In cognitive Psychology, the long-term memory ( MLT ) is the memory with the current direction. The concept of MLT takes all its direction within the framework of the model of the memory which distinguish several subsystems according to the type of information memorized and the duration of retention. The long-term memory is thus opposed to the sensory Registre and the short-term Mémoire.

Storage in the long-term memory

The MLT thus appears when contained information in the working memory is stored there via a process of repetition. There exist two principal processes to store information in this memory: the car-repetition of maintenance (or maintenance) and the car-repetition of integration (or elaborative). The first consists in repeating information mentally to be learned. The second consists in using the semantic encoding by associating new information with another already known.

Types of long-term memory

There exist three types of long-term memory which are characterized by their contents.

Episodical memory

This type of memory includes/understands the memories of the lived events. It is the memory of the personal experience. However, it is paradoxical. One with the impression of better remembering the experiments that knowledge, but it is the opposite. In fact, the events are not revived, but are not rebuilt. Thus the emotions which the memories revive can modify our memory of the past.

semantic Memory

This type of memory relates to the encyclopedic facts and knowledge. It functions by objective concepts, which makes it more reliable and solid that the episodical memory.

Procedural memory

This type of memory relates to the driving skills, know-how, the usual gestures. It is thanks to it that one can remember how to carry out a sequence of gestures. It is highly reliable and preserves its memories even if they are not used during several years. The procedural memory is activated in the actions which we carry out “in free wheel”: to light a cigarette for the smokers, to prepare a boiled egg, to start its car, etc

If the procedural memory is implicit, it however has the advantage of being able to be clarified when the subject is questioned.
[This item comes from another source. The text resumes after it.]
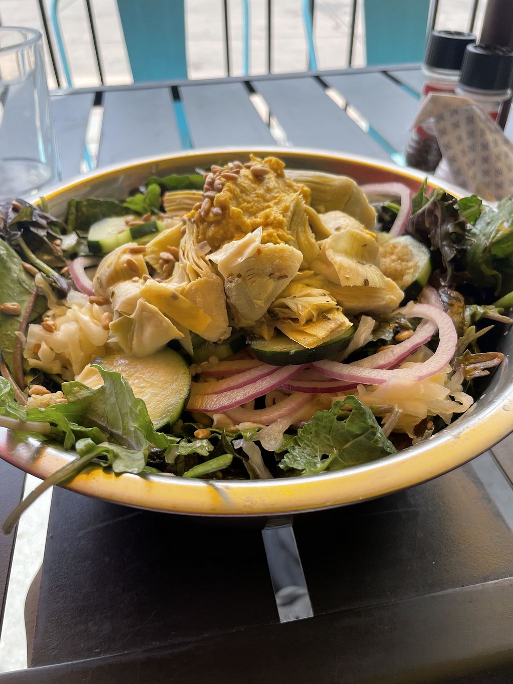 Establishment is really busy, but they have a lot of seating. They also have outdoor seating that is dog friendly. My husband had a mushroom Panini and I had a Greek salad. Both meals were made vegan by removing the cheese. The Greek salad was huge! A lot of artichoke hearts and other goodies. Could easily have been split between two or three people.

This is why, the question “How do you make when you want to smoke a cigarette? ” an answer brings which can be translated in a detailed decisional tree. With each “node”, a change of procedure can be carried out (example: lighting can be made with a lighter, a match or the preceding cigarette), which is useful to stop one day smoking.

Capacity

The capacity of the MLT is theoretically infinite (considering that the researchers still did not test the limits of them). Beside the number of things that it sometimes happens to us to forget, that can appear very strange: why do we forget, that is to say what prevents us the access information, if it is there?

The lapse of memory of information stored in the MLT comes from an incapacity to reach the information and not the absence of information in the storage system. This problem of access is due to two types of interferences with other information:

Retroactive interference

To remember old information is more difficult, because of the superabundance of recent information.

Proactive interference

To remember recent information is more difficult, because of the superabundance of old information. Old information infère on new information and inhibits it.